## ASSIGNMENT
All entries are to be printed again exactly, with their images omitted.
(PROVIDED MATERIAL begins)
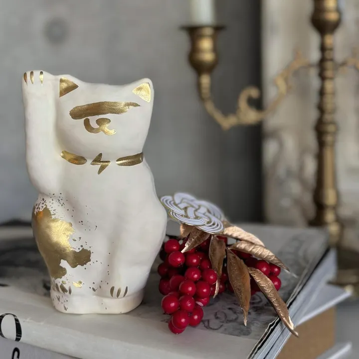 商品名 |招き猫『サンダーバディ』 重さ  |154g サイズ |W90mm × H140mm × D75mm カラー |コットンホワイト×ゴールド 生産国 |日本 商品詳細 ━━━━━━ だるまの名産地、群馬県高崎市の『高崎だるま』 そんな高崎だるまを100年余り作り続ける老舗名店『三代目だるま屋ましも』とPOPPYS HOUSEがコラボした招き猫(LUCKY CAT)が登場。 ナチュラルなコットンホワイトに上品なゴールドを纏った癒しモダンな招き猫。 『商売右肩上がり』の意味を持つ、右上がりの目線がトレードマークのサンダーバディは、職人さんが一つ一つ丁寧に絵付けして作り上げた一点物、オンリーワンの作品です。 また、皆様にとって毎日が最高の1日であって欲しいという想いから、サイドに『THE BEST DAY EVER』とメッセージを綴りました。 ご自身のお店に、ご自宅や寝室に、お友達やご家族へのプレゼントに… 様々なシーンをさりげなく彩り、福を招く、唯一無二の招き猫となっております。 日本製の品質の良さ、手作りの温かさを是非お確かめください。 きっとお気に召して頂けるはずです。 皆様にとって今日という1日が『THE BEST DAY EVER 』となりますように^.ˬ.^◞ 注意事項 ━━━━━━ 職人による手作りのため、絵付けや、文字入れ、スプラッシュ部分に個体差があります。 写真とは異なる場合がございます事をご了承ください。 寄付について ━━━━━━ どんな小さな声も聞き逃さない。世界中の助けを求めている全ての動物を救えるように売上の10%を寄付してます(˘ᵕ˘ )♡
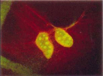 Создание флуоресцентных меток на основе квантовых точек является весьма перспективным. Можно выделить следующие преимущества квантовых точек перед органическими красителями: возможность контроля длины волны люминесценции, высокий коэффициент экстинкции, растворимость в широком диапазоне растворителей, стабильность люминесценции к действию окружающей среду, высокая фотостабильность. Также можно отметить возможность химической (или более того биологической) модификации поверхности квантовых точек, позволяющей осуществить селективное связывание с биологическими объектами. На правом рисунке показано окрашивание элементов клетки при помощи водорастворимых квантовых точек, люминесцирующих в видимом диапазоне. На левом рисунке представлен пример использования неразрушающего метода оптической томографии. Фотография полученна в ближнем ИК-диапазоне при использовании квантовых точек с люминесценцией в диапазоне 800-900 нм (окно прозрачности крови теплокровных), введенных в мышь.
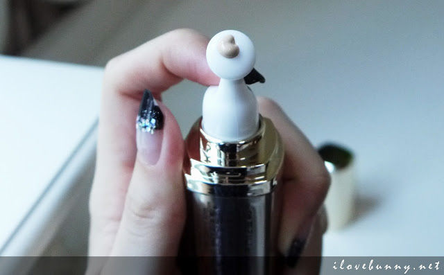 I switched on the higher power and the foundation immediately flow down slightly as shown below. So I highly recommend you to eject only a small amount of foundation each time to prevent the liquid from dripping off the machine.
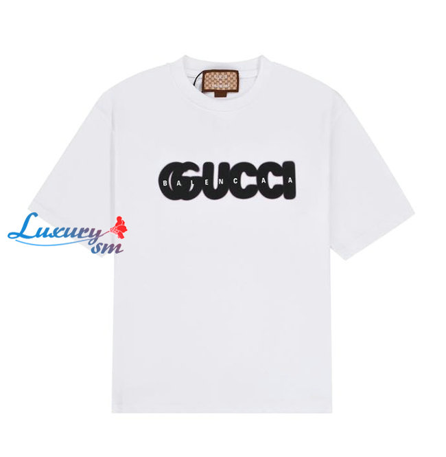 GUCC*-022814 구찌 화이트 구찌 X 발렌시아가 콜라보 GUCCI 프린트 장식 티셔츠 남여공용
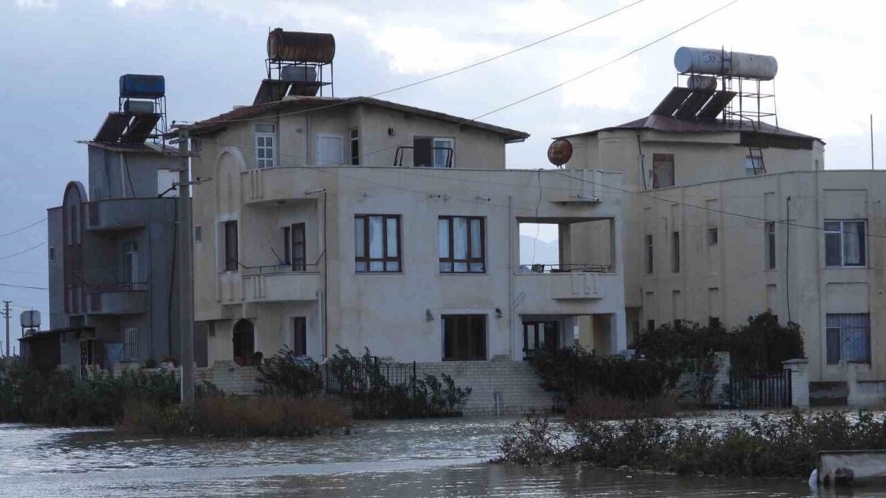 Hatay’ın Samandağ ilçesinde geceden bu yana etkili olan şiddetli rüzgar ve sağanak nedeniyle bazı evler su altında kaldı.
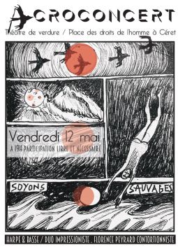 Vendredi 12 mai 2023 - Théâtre de Verdure / Place des droits de l'Homme - Céret (66) : Katell Boisneau et Matthieu Tomi : harpe & basse / Florence Peyrard : contorsionniste
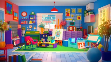 Furniture Bright – A vibrant cartoon style with rich, contrasting colors.
(PROVIDED MATERIAL ends)
## EXPECTED ANSWER
 商品名 |招き猫『サンダーバディ』 重さ  |154g サイズ |W90mm × H140mm × D75mm カラー |コットンホワイト×ゴールド 生産国 |日本 商品詳細 ━━━━━━ だるまの名産地、群馬県高崎市の『高崎だるま』 そんな高崎だるまを100年余り作り続ける老舗名店『三代目だるま屋ましも』とPOPPYS HOUSEがコラボした招き猫(LUCKY CAT)が登場。 ナチュラルなコットンホワイトに上品なゴールドを纏った癒しモダンな招き猫。 『商売右肩上がり』の意味を持つ、右上がりの目線がトレードマークのサンダーバディは、職人さんが一つ一つ丁寧に絵付けして作り上げた一点物、オンリーワンの作品です。 また、皆様にとって毎日が最高の1日であって欲しいという想いから、サイドに『THE BEST DAY EVER』とメッセージを綴りました。 ご自身のお店に、ご自宅や寝室に、お友達やご家族へのプレゼントに… 様々なシーンをさりげなく彩り、福を招く、唯一無二の招き猫となっております。 日本製の品質の良さ、手作りの温かさを是非お確かめください。 きっとお気に召して頂けるはずです。 皆様にとって今日という1日が『THE BEST DAY EVER 』となりますように^.ˬ.^◞ 注意事項 ━━━━━━ 職人による手作りのため、絵付けや、文字入れ、スプラッシュ部分に個体差があります。 写真とは異なる場合がございます事をご了承ください。 寄付について ━━━━━━ どんな小さな声も聞き逃さない。世界中の助けを求めている全ての動物を救えるように売上の10%を寄付してます(˘ᵕ˘ )♡
 Создание флуоресцентных меток на основе квантовых точек является весьма перспективным. Можно выделить следующие преимущества квантовых точек перед органическими красителями: возможность контроля длины волны люминесценции, высокий коэффициент экстинкции, растворимость в широком диапазоне растворителей, стабильность люминесценции к действию окружающей среду, высокая фотостабильность. Также можно отметить возможность химической (или более того биологической) модификации поверхности квантовых точек, позволяющей осуществить селективное связывание с биологическими объектами. На правом рисунке показано окрашивание элементов клетки при помощи водорастворимых квантовых точек, люминесцирующих в видимом диапазоне. На левом рисунке представлен пример использования неразрушающего метода оптической томографии. Фотография полученна в ближнем ИК-диапазоне при использовании квантовых точек с люминесценцией в диапазоне 800-900 нм (окно прозрачности крови теплокровных), введенных в мышь.
 I switched on the higher power and the foundation immediately flow down slightly as shown below. So I highly recommend you to eject only a small amount of foundation each time to prevent the liquid from dripping off the machine.
 GUCC*-022814 구찌 화이트 구찌 X 발렌시아가 콜라보 GUCCI 프린트 장식 티셔츠 남여공용
 Hatay’ın Samandağ ilçesinde geceden bu yana etkili olan şiddetli rüzgar ve sağanak nedeniyle bazı evler su altında kaldı.
 Vendredi 12 mai 2023 - Théâtre de Verdure / Place des droits de l'Homme - Céret (66) : Katell Boisneau et Matthieu Tomi : harpe & basse / Florence Peyrard : contorsionniste
 Furniture Bright – A vibrant cartoon style with rich, contrasting colors.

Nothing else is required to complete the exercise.